Extrait du Bulletin de la Société Historique et Archéologique du Périgord, Tome CXXVII, Année 2000, 1ère livraison.
Le 30 avril 1774, Louis IX, landgrave régnant de Hesse-Darmstadt, perdait sa première épouse, la spirituelle Caroline, comtesse de Deux-Pont-Birkenfield. Surnommée « la Grande Landgravine », elle s’était faite l’amie de Goethe, Herder ou encore Grimm.
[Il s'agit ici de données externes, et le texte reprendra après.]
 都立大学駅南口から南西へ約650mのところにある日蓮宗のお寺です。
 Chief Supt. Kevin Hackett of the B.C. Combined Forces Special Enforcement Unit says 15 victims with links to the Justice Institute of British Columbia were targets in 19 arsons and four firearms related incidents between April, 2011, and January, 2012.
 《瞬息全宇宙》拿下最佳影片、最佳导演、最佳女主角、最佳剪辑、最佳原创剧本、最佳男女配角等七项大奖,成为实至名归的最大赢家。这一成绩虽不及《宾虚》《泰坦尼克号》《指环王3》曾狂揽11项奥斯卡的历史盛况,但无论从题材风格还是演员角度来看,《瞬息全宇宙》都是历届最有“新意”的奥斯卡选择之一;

Le Landgrave eut neuf enfants de ce brillant mariage, dont le futur Louis I, grand-duc de Hesse et du Rhin. En 1774, des alliances ont déjà été scellées avec la Prusse et la Russie.
L’année suivante, le Landgrave, âgé de 57 ans, adoucissait son veuvage avec une jeune aventurière française, Marie-Adélaïde Cheyrouze.
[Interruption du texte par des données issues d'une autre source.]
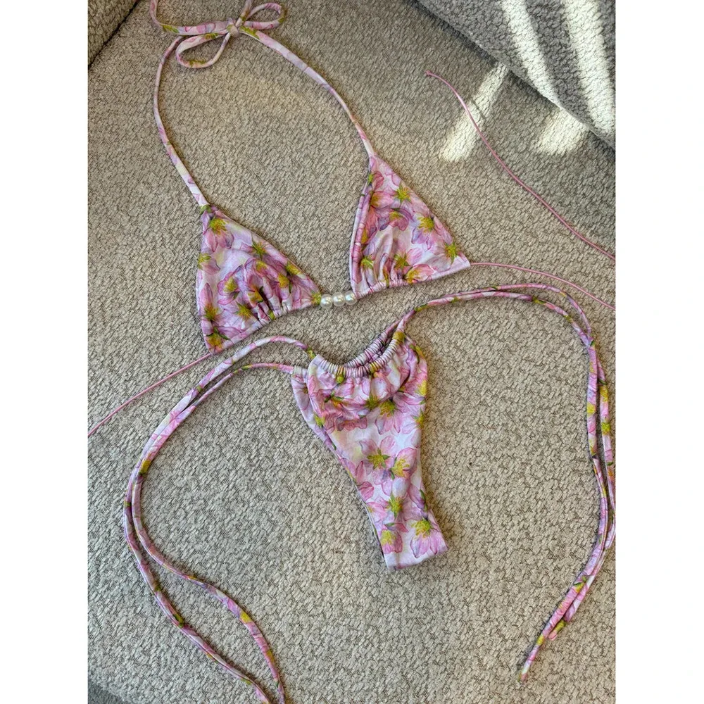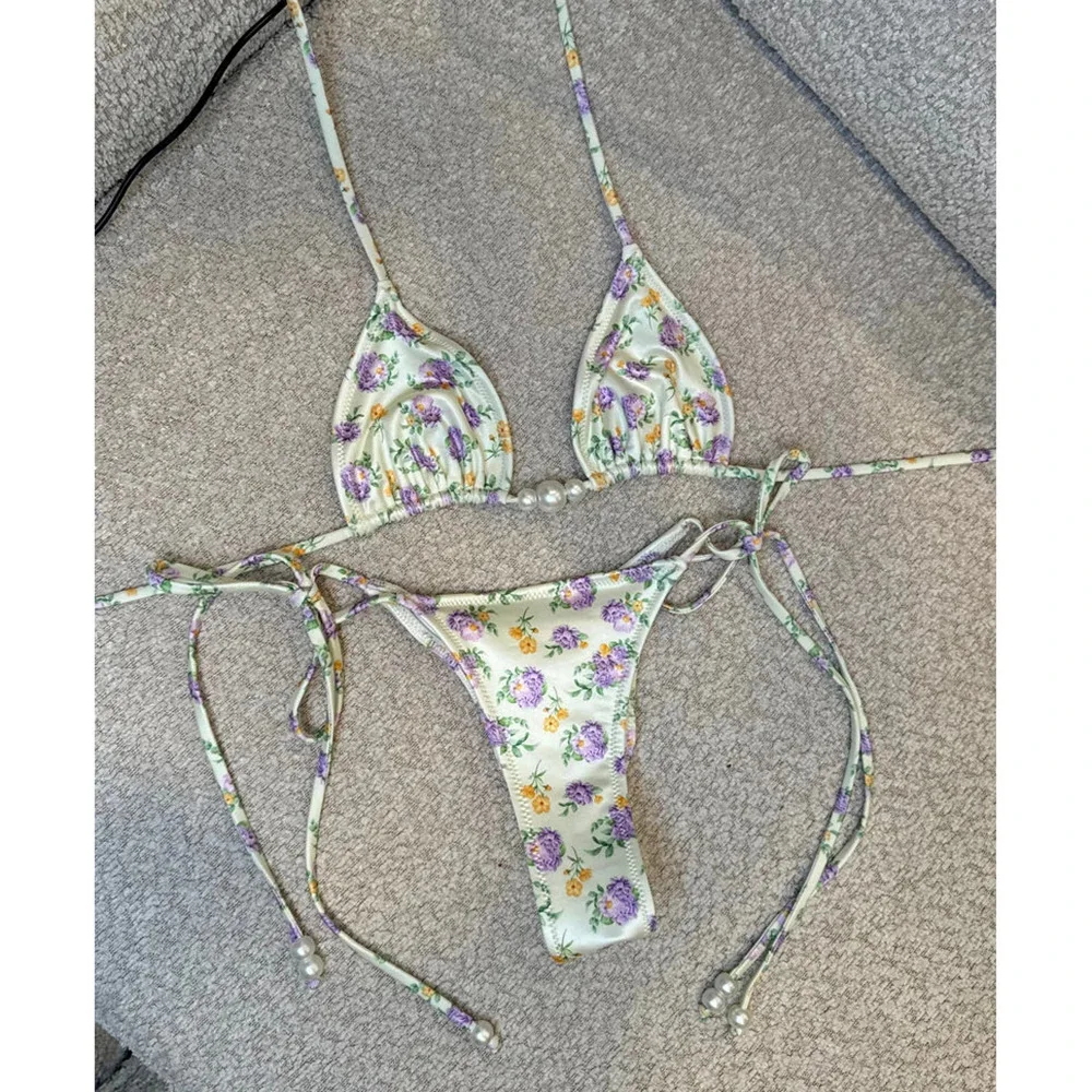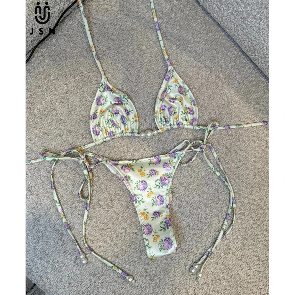 JSN 2026 New Design Women's Sexy Floral Printed Pearl beading two piece thongs Bikini Set halter backless fashionable swimwear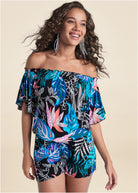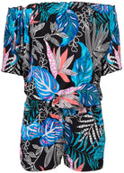 Bahamian Palm Off Shoulder Romper - Blue Multi
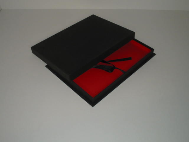 底板付の印籠タイプ貼り箱です。リボンは内部の商品を固定する為に使用します。高価な出版物などを装丁する目的で製造しました。極小ロットでの製造も対応できます。ダンボール箱・折畳み箱にはない風格があります。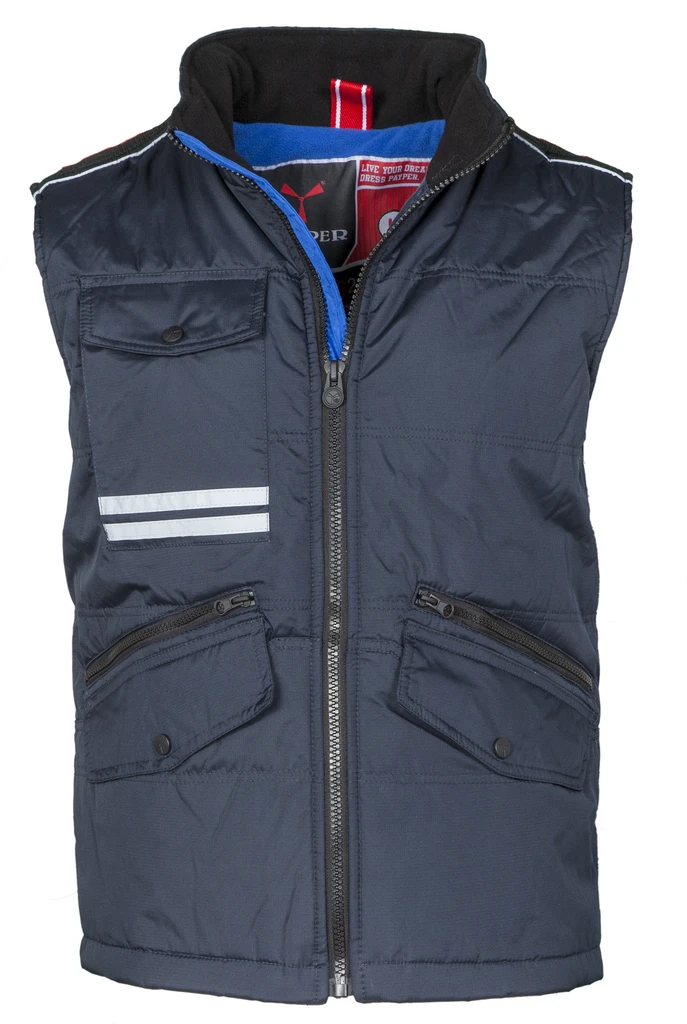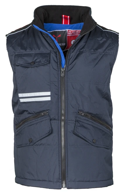 Taillierte Herren-Weste mit Reißverschluss, zwei Außentaschen mit LOCK SYSTEM und zwei mit Reißverschluss, schräg stehenden Taschen, um das Einführen der Hand zu erleichtern, einer Handy-Brusttasche und einem Ring zum Befestigen des Ausweises, Reflexstreifen auf der Tasche und auf dem Rücken; Innenseite: wattiert, Fleece in Kontrastfarbe auf Rücken und Kragen, Innenreißverschluss zum einfacheren Veredeln mit Druck und Stick

En novembre 1775, il l’épouse « de la main gauche » à Ems et la titre « comtesse Von Lemberg »[ref]L’Allemagne dynastique, t. 1, p.148. Marie-Adélaïde Cheyrouze serait née à Paris ou à Rueil en 1752, fille de Jean-Baptiste et de Marie Aurenne. Elle était de confession catholique. La famille Cheyrouze était originaire de Dienne (canton de Murat, Cantal). Il semble qu’elle soit arrivée à Paris entre 1740 et 1750.[/ref]. C’est sous ce lien de mariage qu’est née Marguerite- Elisabeth, appelée « princesse de Hesse-Darmstadt ».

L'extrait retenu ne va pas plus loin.